Saturday, December 17, 2005

How is it that

a decade into the "information revolution" brought on by the personal computer and the Internet, there's still so much ignorance in the United States?

Friday, December 16, 2005

Has it come to this?

Are we now a nation, a culture, in which the end justifies the means? I've been watching CNN, Faux News, even the "real networks," (CBS, ABC, NBC), extolling the marvel of the voting in Iraq. Here's their message. Even though we invaded a sovereign nation without justification, murdered thousands of innocents--ours and theirs--all is subsumed, all is forgiven, by an "election" conducted by citizens who're under our occupation. Iraq, we are told, is now exercising democracy and so we of the US can be forgiven for our violations of international law and of decency.

My take on this: If we are forgiven, then so are the worst of the world's transgressions, because even Attila the Hun believed he was bringing a better world to those he conquered.

Outrage

This NYT report on Bush's secret executive order allowing warrantless wiretaps on US citizens inside the country is outrageous enough, in particular the administration's insistence that Bush has inherent power to conduct such surveillance, unchecked by the Congress. This is another example of the "9/11 changed everything" ethic that Bush has used repeatedly to justify his ongoing illegalities.
But equally outrageous is that the Times sat on the story for a year in order, it says, to conduct "additional reporting." Number one: What chickenshits! Number two: What liars! It's clear that the NYT would have sat on the story indefinitely but for the recent lies by the administration, in particular by Cheney's minions, that the federal government had no such program, as quoted in the NYT article itself. I suspect, too, that another publication was about to go public with this information, and NYT didn't want to be shown to be what it is: a craven tool of the Bushites.

Thursday, December 15, 2005

Riverbend's take on the election

Baghdad Burning's author prefers the Allawi "list" of candidates, even though they're puppets of the US, because when you're facing death a fever is just fine.

Alarming arrogance

When Bush, back in 2003, reacted to the millions of protesters of his invasion of Iraq with a shrug, and an offhand, "I respectfully disagree," I thought he'd reached the apex of arrogance. I was wrong. For months he's refused to discuss the Plamegate case on the ground that he wouldn't comment on an ongoing criminal investigation; but today, after he was questioned about the propriety of his comment that Tom Delay was innocent of the pending charges, his press secretary simply said it was his presidential prerogative to do so.

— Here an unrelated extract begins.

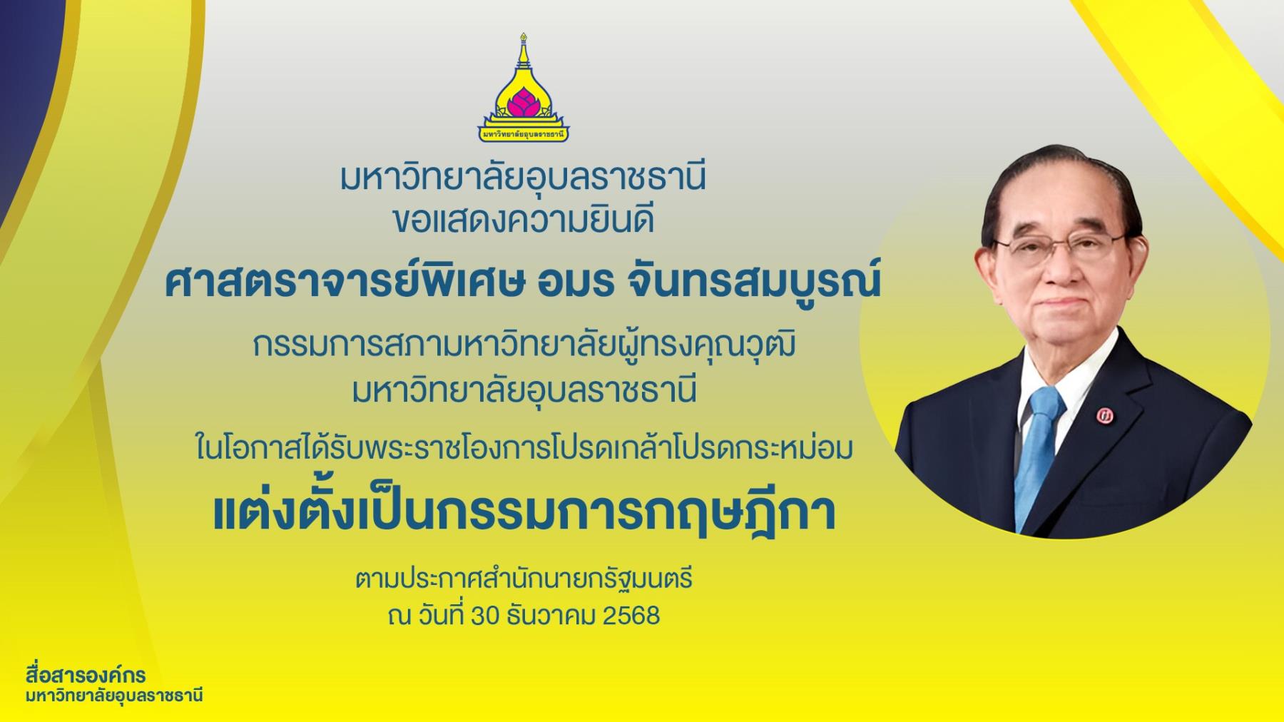 ศาสตราจารย์พิเศษ อมร จันทรสมบูรณ์ กรรมการสภามหาวิทยาลัยผู้ทรงคุณวุฒิ มหาวิทยาลัยอุบลราชธานี ในโอกาสได้รับพระราชโองการโปรดเกล้าโปรดกระหม่อมแต่งตั้งเป็นกรรมการกฤษฎีกา ตามประกาศสำนักนายกรัฐมนตรีณ วันที่ 30 ธันวาคม 2568

We gotta get rid of this guy.

A prediction

It's been four-plus years since the 9/11 attacks. At the time, I viewed the attacks as "the price of empire," and in the succeeding months and years I interiorly entertained my predictions about the outcome of the resultant "war on terror," including the invasion of Iraq, that Bush initiated. I didn't announce these predictions (except for one prediction--so far wrong, it turns out--about the decline of the dollar against foreign currencies), but each of my imaginings has been on target. So now, I'll articulate a prediction, so you can hold me to it.

I predict that by the end of 2006, Iraq (and likely its neighbors Syria and Iran) will have embroiled the US in such a God-awful mess that VietNam will look like a cakewalk. In the wake of today's elections, Iraq will become fragmented, will begin to look like a "failed state," to the alarm of nearby Arab states. The schism between "insurgents" and "terrorists" in Iraq, already emerging, will widen; antagonism between Shia-dominated nations and Sunni/Wahabbi nations will increase, and the US will try to straddle all of these conflicting forces, leaving our troops targets from a hundred directions.

Those of us who opposed the war are often chided for taking pleasure in seeing US failure in Iraq. Well, to be honest, I do. I want the US public--I want the world--to learn that the Bush version of democracy (you know what I'm talking about) cannot be imposed on the world by force, and should not be because of its illegitimacy. I want the Iraq experience to result in debacle so profound that we don't ever get talked into (lied into) repeating it.

I wish thousands of US soldiers didn't have to die to make this point, and I certainly feel awful about the dead and wounded Iraqis who've been made to pay this price. But, to me, if their suffering teaches the US to become a decent nation, a true leader of a fine, loving world, the price is, if not worth it, at least worth something.

Wednesday, December 14, 2005

A perfect model of democracy

I've been reading complaints about the Iraqi election: The rapidity of the timetable for voting, plus the danger on the streets has limited campaigning to television advertisement, which are so expensive that only financially-empowered candidates can afford them, and these ads don't address substantive issues but consist merely of clever sloganeering and attacks on the opponents.

So--we've created Iraq in our own image, right?